The problem:
Reproduce the data exactly, leaving nothing out.

Entries shown:
<<<<

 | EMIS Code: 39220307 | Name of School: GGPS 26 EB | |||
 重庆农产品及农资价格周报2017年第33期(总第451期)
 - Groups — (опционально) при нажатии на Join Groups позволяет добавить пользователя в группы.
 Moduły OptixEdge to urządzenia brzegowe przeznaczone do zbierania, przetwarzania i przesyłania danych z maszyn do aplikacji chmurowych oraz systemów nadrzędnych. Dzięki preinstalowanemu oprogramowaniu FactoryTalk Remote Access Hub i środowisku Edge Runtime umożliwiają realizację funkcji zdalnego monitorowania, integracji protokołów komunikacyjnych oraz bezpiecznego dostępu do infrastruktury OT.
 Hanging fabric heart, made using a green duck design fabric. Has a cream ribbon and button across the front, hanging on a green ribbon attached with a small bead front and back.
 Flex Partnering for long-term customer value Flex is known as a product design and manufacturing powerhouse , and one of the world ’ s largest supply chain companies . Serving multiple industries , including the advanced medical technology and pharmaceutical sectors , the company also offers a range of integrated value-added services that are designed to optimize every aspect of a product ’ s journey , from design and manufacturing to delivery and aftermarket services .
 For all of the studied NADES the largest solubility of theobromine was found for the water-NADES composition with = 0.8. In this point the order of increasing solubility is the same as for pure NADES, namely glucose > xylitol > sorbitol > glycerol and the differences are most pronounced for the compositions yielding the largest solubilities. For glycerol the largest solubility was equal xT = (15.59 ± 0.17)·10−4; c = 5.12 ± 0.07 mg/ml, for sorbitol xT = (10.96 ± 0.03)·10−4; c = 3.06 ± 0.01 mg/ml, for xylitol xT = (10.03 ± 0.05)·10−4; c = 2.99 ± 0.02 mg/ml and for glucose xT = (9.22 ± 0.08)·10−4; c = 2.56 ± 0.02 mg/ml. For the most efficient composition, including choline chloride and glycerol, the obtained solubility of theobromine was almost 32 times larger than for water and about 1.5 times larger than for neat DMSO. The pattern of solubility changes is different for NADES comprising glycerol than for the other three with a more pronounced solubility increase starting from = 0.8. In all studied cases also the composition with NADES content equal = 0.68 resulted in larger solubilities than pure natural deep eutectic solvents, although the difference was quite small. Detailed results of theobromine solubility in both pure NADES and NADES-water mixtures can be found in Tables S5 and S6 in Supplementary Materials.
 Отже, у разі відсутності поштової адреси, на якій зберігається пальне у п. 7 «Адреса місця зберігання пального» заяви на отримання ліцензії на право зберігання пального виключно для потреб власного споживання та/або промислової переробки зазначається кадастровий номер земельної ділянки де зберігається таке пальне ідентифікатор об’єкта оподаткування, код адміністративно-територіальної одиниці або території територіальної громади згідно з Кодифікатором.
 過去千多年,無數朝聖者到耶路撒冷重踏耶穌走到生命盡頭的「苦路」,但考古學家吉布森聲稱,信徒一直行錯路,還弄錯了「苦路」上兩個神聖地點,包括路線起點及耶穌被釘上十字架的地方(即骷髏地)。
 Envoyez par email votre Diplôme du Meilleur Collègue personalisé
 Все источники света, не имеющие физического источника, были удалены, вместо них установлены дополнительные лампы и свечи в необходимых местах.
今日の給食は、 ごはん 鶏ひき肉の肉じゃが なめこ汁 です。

>>>>

Answer for this exercise:
 | EMIS Code: 39220307 | Name of School: GGPS 26 EB | |||
 重庆农产品及农资价格周报2017年第33期(总第451期)
 - Groups — (опционально) при нажатии на Join Groups позволяет добавить пользователя в группы.
 Moduły OptixEdge to urządzenia brzegowe przeznaczone do zbierania, przetwarzania i przesyłania danych z maszyn do aplikacji chmurowych oraz systemów nadrzędnych. Dzięki preinstalowanemu oprogramowaniu FactoryTalk Remote Access Hub i środowisku Edge Runtime umożliwiają realizację funkcji zdalnego monitorowania, integracji protokołów komunikacyjnych oraz bezpiecznego dostępu do infrastruktury OT.
 Hanging fabric heart, made using a green duck design fabric. Has a cream ribbon and button across the front, hanging on a green ribbon attached with a small bead front and back.
 Flex Partnering for long-term customer value Flex is known as a product design and manufacturing powerhouse , and one of the world ’ s largest supply chain companies . Serving multiple industries , including the advanced medical technology and pharmaceutical sectors , the company also offers a range of integrated value-added services that are designed to optimize every aspect of a product ’ s journey , from design and manufacturing to delivery and aftermarket services .
 For all of the studied NADES the largest solubility of theobromine was found for the water-NADES composition with = 0.8. In this point the order of increasing solubility is the same as for pure NADES, namely glucose > xylitol > sorbitol > glycerol and the differences are most pronounced for the compositions yielding the largest solubilities. For glycerol the largest solubility was equal xT = (15.59 ± 0.17)·10−4; c = 5.12 ± 0.07 mg/ml, for sorbitol xT = (10.96 ± 0.03)·10−4; c = 3.06 ± 0.01 mg/ml, for xylitol xT = (10.03 ± 0.05)·10−4; c = 2.99 ± 0.02 mg/ml and for glucose xT = (9.22 ± 0.08)·10−4; c = 2.56 ± 0.02 mg/ml. For the most efficient composition, including choline chloride and glycerol, the obtained solubility of theobromine was almost 32 times larger than for water and about 1.5 times larger than for neat DMSO. The pattern of solubility changes is different for NADES comprising glycerol than for the other three with a more pronounced solubility increase starting from = 0.8. In all studied cases also the composition with NADES content equal = 0.68 resulted in larger solubilities than pure natural deep eutectic solvents, although the difference was quite small. Detailed results of theobromine solubility in both pure NADES and NADES-water mixtures can be found in Tables S5 and S6 in Supplementary Materials.
 Отже, у разі відсутності поштової адреси, на якій зберігається пальне у п. 7 «Адреса місця зберігання пального» заяви на отримання ліцензії на право зберігання пального виключно для потреб власного споживання та/або промислової переробки зазначається кадастровий номер земельної ділянки де зберігається таке пальне ідентифікатор об’єкта оподаткування, код адміністративно-територіальної одиниці або території територіальної громади згідно з Кодифікатором.
 過去千多年,無數朝聖者到耶路撒冷重踏耶穌走到生命盡頭的「苦路」,但考古學家吉布森聲稱,信徒一直行錯路,還弄錯了「苦路」上兩個神聖地點,包括路線起點及耶穌被釘上十字架的地方(即骷髏地)。
 Envoyez par email votre Diplôme du Meilleur Collègue personalisé
 Все источники света, не имеющие физического источника, были удалены, вместо них установлены дополнительные лампы и свечи в необходимых местах.
今日の給食は、 ごはん 鶏ひき肉の肉じゃが なめこ汁 です。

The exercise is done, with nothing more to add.